===== RECORDED INFORMATION
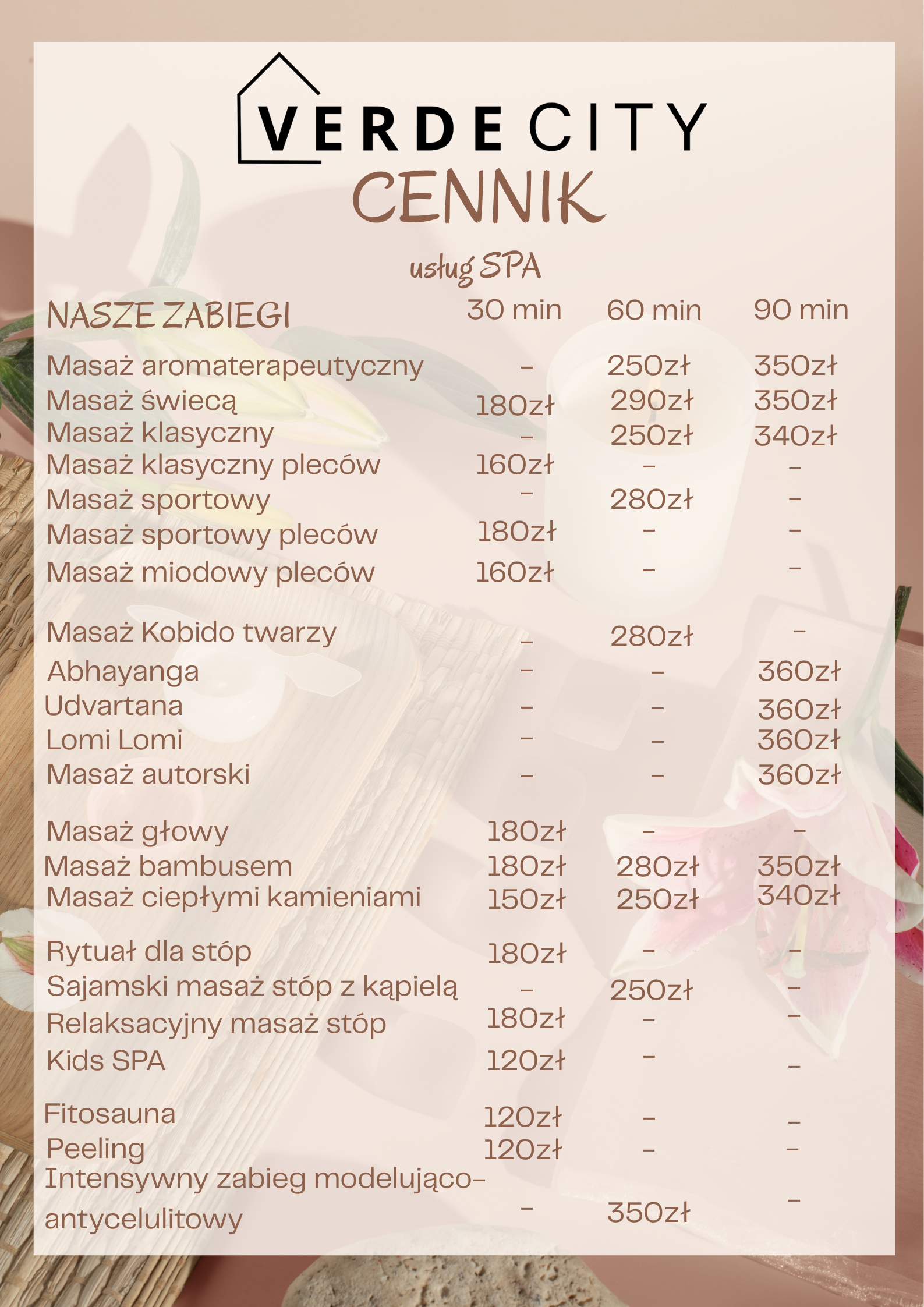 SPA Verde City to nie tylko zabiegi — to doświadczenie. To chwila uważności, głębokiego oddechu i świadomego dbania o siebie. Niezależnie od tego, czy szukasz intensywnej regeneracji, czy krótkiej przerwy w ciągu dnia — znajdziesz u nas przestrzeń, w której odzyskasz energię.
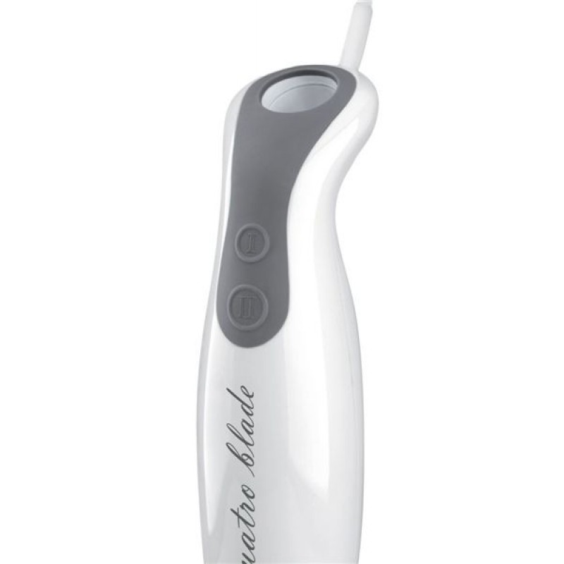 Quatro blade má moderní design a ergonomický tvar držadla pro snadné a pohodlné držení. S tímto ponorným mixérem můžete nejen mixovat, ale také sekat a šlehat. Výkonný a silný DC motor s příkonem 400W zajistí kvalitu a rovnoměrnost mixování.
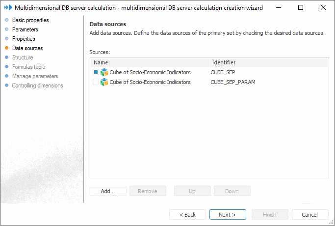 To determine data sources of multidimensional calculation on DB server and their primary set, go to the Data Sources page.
==========
**WHAT YOU NEED TO DO**
Print the material above exactly as it appears, but not its pictures.

**RESULT OF THIS TASK**
 SPA Verde City to nie tylko zabiegi — to doświadczenie. To chwila uważności, głębokiego oddechu i świadomego dbania o siebie. Niezależnie od tego, czy szukasz intensywnej regeneracji, czy krótkiej przerwy w ciągu dnia — znajdziesz u nas przestrzeń, w której odzyskasz energię.
 Quatro blade má moderní design a ergonomický tvar držadla pro snadné a pohodlné držení. S tímto ponorným mixérem můžete nejen mixovat, ale také sekat a šlehat. Výkonný a silný DC motor s příkonem 400W zajistí kvalitu a rovnoměrnost mixování.
 To determine data sources of multidimensional calculation on DB server and their primary set, go to the Data Sources page.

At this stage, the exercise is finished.